Normal Distribution question...

This is from a college problem sheet. I'm having quite a bit of difficulty with it. So any help would be greatly appreciated.

Let the random variable X have the N(7,37) distribution. Determine constants s, t so that the probability that |X-s|>t is 0.01. The value to return is t.

Now, to solve this i've tried this:
Set s = mean = 7.
Divide by sqrt(37) to normalise the distribution to N(0,1)

This gives: P[ (|X-7|)/(sqrt(37)) > t/(sqrt(37)) ] = 0.01.

From this i should be able to work out the answer, but i can't seem to get it.

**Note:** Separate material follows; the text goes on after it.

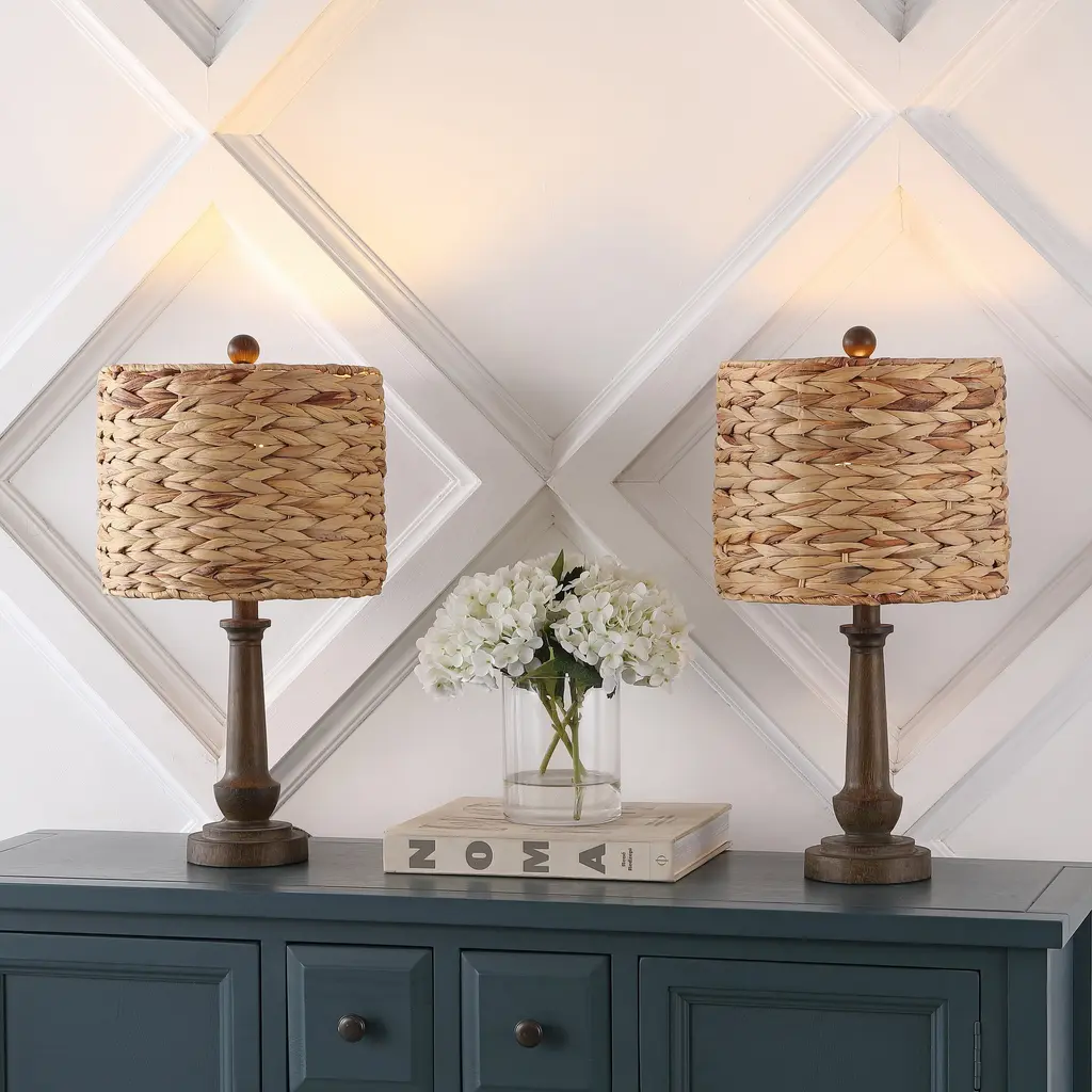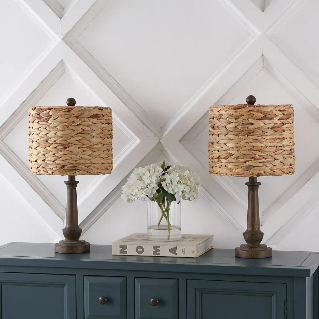 This bohemian table lamp has a farmhouse inspired tapered base. The rustic lamp consists of a resin base and rattan shade. The lamp, which comes in a set of two, will add a touch of traditional decor to any space.Features:Dimensions:About us:You see a lamp.We see a decorative work of art.A perfectly curved shade casts a dramatic shadow on a floor. A silk cord you never want to hide. Compatible with LED lightbulbs: as easy on the environment as they are on the eyes. The JONATHAN Y Lighting collection considers every detail from impeccably sourced materials to designer styling. And our prices are so attractive, we've transformed a functional necessity into a fashion accessory.JONATHAN Y Lighting - a fashion revolution in home decor.

As far as i can tell, this equation is telling me that 1% of the area is shaded, meaning that i should be looking up my Z-tables to find out the area beneath 0.995 and then take away the area beneath 0.990, then adding the area beneath 0.005 (this is because this is the modulus... so i need the top 1/2% and the bottom 1/2%, if ya know what i mean)

Or something like that :eek:


TS Contributor
I'm working on this one....

An equivalent statement would be:

P(|Z| > 2.576 ) = 0.01

and since sigma is sqrt(37) = 6.083, then we have:

P(|X-s| > (2.576*6.083)) = 0.01
P(|X-s| > 15.67) = 0.01

So maybe working backwords from this to find values for t and s that work...